Automattic seems to be stuck between its blogging past and its web-hosting future.

Website with Wordpress logo and globe

Update, April 6: Automattic published a blog post the day after I wrote this article in which it increased storage for free users from 500 MB to 1 GB and stated that it will not be limiting “visits” or traffic on WordPress.com sites. I’ve updated the relevant pieces of the article below to reflect those changes.

This week, WordPress.com released new pricing for its blogging and web-building solution – and, unfortunately, sparked outcry from community members who felt the new structure unfairly squeezed free users into upgrading to the $15/month plan.

The most prominent post was a teardown of the new pricing model that became popular on Hacker News and prompted a public response from WordPress.com CEO Dave Martin.

As a for-profit company, WordPress.com is of course free to change their prices as they see fit. However, I think the company’s challenges around their new pricing structure highlight a bigger concern. The company’s business model has not aged well, and it’s now stuck between two worlds: is it a free content distribution platform like Facebook and Medium, or is it a website builder like Squarespace and Wix?

This matters not just for Automattic, the company that owns WordPress.com, but also for the community as a whole. A huge portion of the WordPress open-source ecosystem is funded by Automattic (via employees who are “sponsored” to do community work as well as direct donations to the WordPress Foundation), which means financial problems for WordPress.com would have ripple effects throughout the entire open-source world.

With that as our context, let’s see if we can figure out where WordPress.com is headed with their new pricing changes.

Squeezing free users by reducing storage

The most telling change in WordPress.com pricing is that the company has reduced the amount of storage it provides to free users to one-sixth of its previous offering, from 3 GB to 500 MB one-third of its previous offering, from 3 GB to 1 GB (see the note at the top of this article – Automattic increased storage from 500 MB to 1 GB the day after we published this post). There’s also talk of limiting free sites to a certain number of “visits,” which is reminiscent of WP Engine’s web-hosting business model. (The day after publication, Automattic said it would not follow through with its idea of limiting “visits” on WordPress.com sites.)

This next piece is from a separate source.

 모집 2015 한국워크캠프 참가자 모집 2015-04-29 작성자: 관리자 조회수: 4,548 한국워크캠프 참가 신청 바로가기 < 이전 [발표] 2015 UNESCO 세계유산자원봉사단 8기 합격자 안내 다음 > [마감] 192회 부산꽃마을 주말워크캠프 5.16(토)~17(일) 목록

To me, this says that the company has decided to deprioritize its free users and move away from its attempts to monetize those users directly. They view free users as loss leaders and want them to eventually upgrade to the $15/month plan. By contrast, Google offers 15 GB of free storage to its Gmail/Drive users for free, and Substack, Medium, Facebook and Twitter effectively offer infinite free storage for someone who wants to post interesting things online. These other companies do not view free users as loss leaders; they have business models that specifically encourage people to use their service for free so that they can build a network (Facebook, Twitter) or increase the number of touch points with their brand (Google) or eventually take a commission off writers’ future revenue (Substack, Medium).

We take a similar approach with WP Wallet and MasterWP. We love our free users because they share our brands with others, they may directly purchase our courses or themes (or even become clients), and lots of companies happily pay us to advertise to them. A small percentage of agency owners and power users will upgrade to WP Wallet PRO, but even without that possibility it would still make sense for us to cultivate our free audience.

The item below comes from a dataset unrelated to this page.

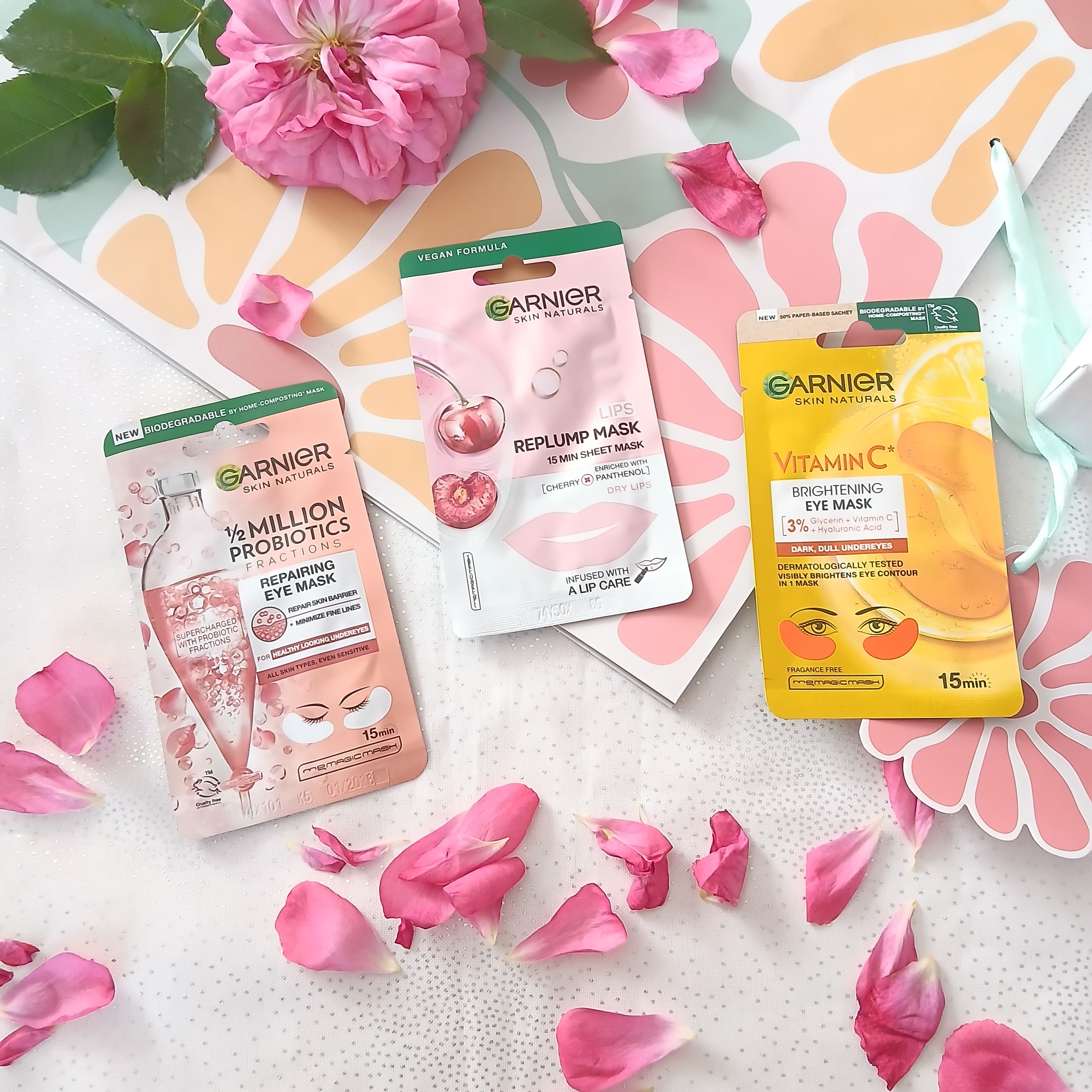 Akurat na babski wieczór świetne mogą okazać się maseczki z Garnier Skin Naturals, w tym 2 maseczki na okolice oczu oraz maseczka na usta:

WordPress.com does not appear to see itself as a peer of those big companies that seek to build a large free audience. By limiting storage, it is effectively telling people that it would like them to pay up once their blogs reach a certain size. This makes sense from a certain perspective – storage and traffic are the things that cost money, whereas the textual posts themselves have minimal marginal costs – but it also cuts off a variety of ways that WordPress.com could monetize free users without charging them directly.

WordPress.com remains a blogging company, but it is moving away from being a company that monetizes social-media eyeballs or provides free services as a way to increase brand engagement.

So, is WordPress.com a website builder instead?

If WordPress.com isn’t competing with Facebook or Substack, perhaps it is positioning itself as a do-it-yourself website builder against companies like Wix and Squarespace. The push toward full-site editing and Gutenberg blocks certainly seems to be moving WordPress in this direction, and this is how we use open-source WordPress as custom web developers.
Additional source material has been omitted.